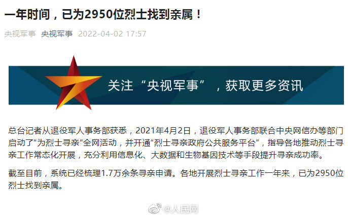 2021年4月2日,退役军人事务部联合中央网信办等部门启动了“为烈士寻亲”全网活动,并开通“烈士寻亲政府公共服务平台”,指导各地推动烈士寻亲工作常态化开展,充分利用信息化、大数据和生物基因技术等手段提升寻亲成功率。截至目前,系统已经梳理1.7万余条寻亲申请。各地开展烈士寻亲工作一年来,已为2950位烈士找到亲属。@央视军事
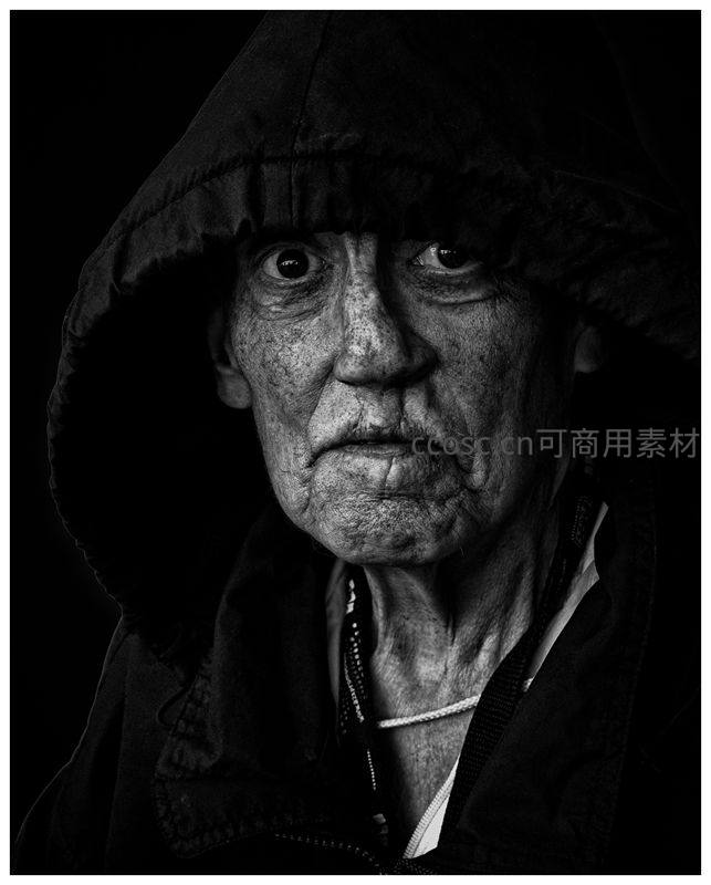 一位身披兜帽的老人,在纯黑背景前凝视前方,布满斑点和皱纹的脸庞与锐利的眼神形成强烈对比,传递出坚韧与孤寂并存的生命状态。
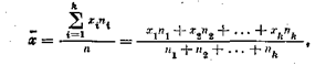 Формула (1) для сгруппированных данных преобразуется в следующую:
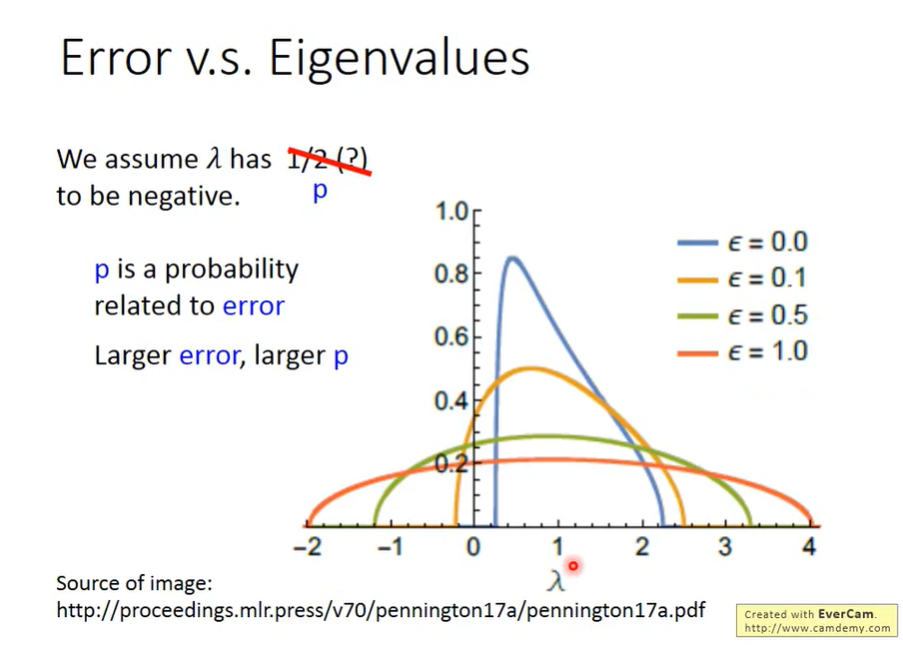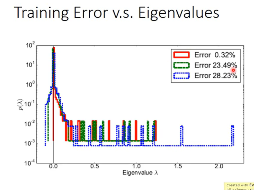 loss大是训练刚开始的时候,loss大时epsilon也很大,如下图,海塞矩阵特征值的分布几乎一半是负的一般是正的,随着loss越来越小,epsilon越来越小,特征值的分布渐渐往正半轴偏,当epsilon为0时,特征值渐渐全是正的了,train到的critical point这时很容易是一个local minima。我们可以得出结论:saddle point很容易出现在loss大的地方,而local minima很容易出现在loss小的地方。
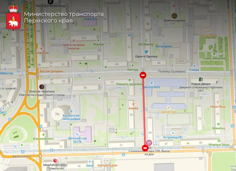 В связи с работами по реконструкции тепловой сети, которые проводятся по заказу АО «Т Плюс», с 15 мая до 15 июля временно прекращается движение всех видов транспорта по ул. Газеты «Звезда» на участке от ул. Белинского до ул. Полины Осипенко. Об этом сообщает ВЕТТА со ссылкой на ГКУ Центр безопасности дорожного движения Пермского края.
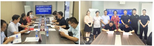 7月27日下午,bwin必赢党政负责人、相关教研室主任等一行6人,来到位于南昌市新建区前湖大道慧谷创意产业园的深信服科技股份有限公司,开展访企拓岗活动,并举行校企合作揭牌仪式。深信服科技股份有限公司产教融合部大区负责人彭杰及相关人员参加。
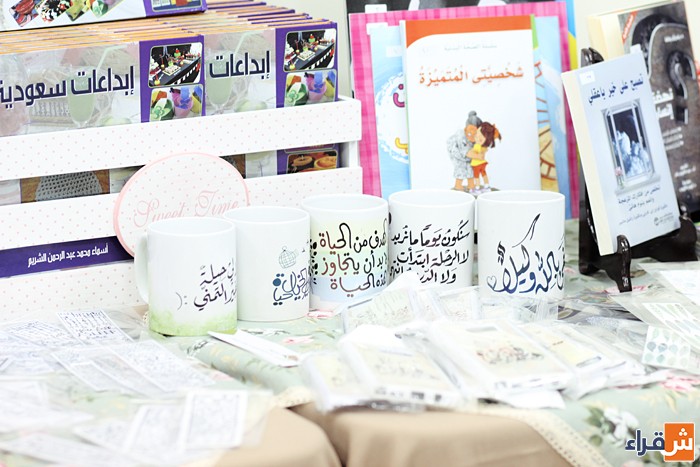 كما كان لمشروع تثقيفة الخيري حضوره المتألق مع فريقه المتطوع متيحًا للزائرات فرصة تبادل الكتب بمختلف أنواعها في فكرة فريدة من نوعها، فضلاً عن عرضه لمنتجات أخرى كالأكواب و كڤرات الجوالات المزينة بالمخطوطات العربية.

--

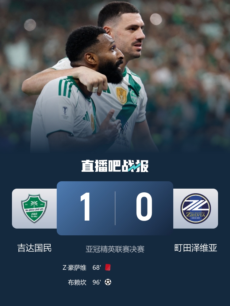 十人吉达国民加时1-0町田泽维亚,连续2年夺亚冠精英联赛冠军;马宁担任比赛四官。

**Exercise description**
Treat the line with "2021年4月2日,退役军人" as the start and the line with "Формула (1) для" as the end, and return exactly that span of the data above, both ends included, without pictures.

**Output for this task**
 2021年4月2日,退役军人事务部联合中央网信办等部门启动了“为烈士寻亲”全网活动,并开通“烈士寻亲政府公共服务平台”,指导各地推动烈士寻亲工作常态化开展,充分利用信息化、大数据和生物基因技术等手段提升寻亲成功率。截至目前,系统已经梳理1.7万余条寻亲申请。各地开展烈士寻亲工作一年来,已为2950位烈士找到亲属。@央视军事
 一位身披兜帽的老人,在纯黑背景前凝视前方,布满斑点和皱纹的脸庞与锐利的眼神形成强烈对比,传递出坚韧与孤寂并存的生命状态。
 Формула (1) для сгруппированных данных преобразуется в следующую:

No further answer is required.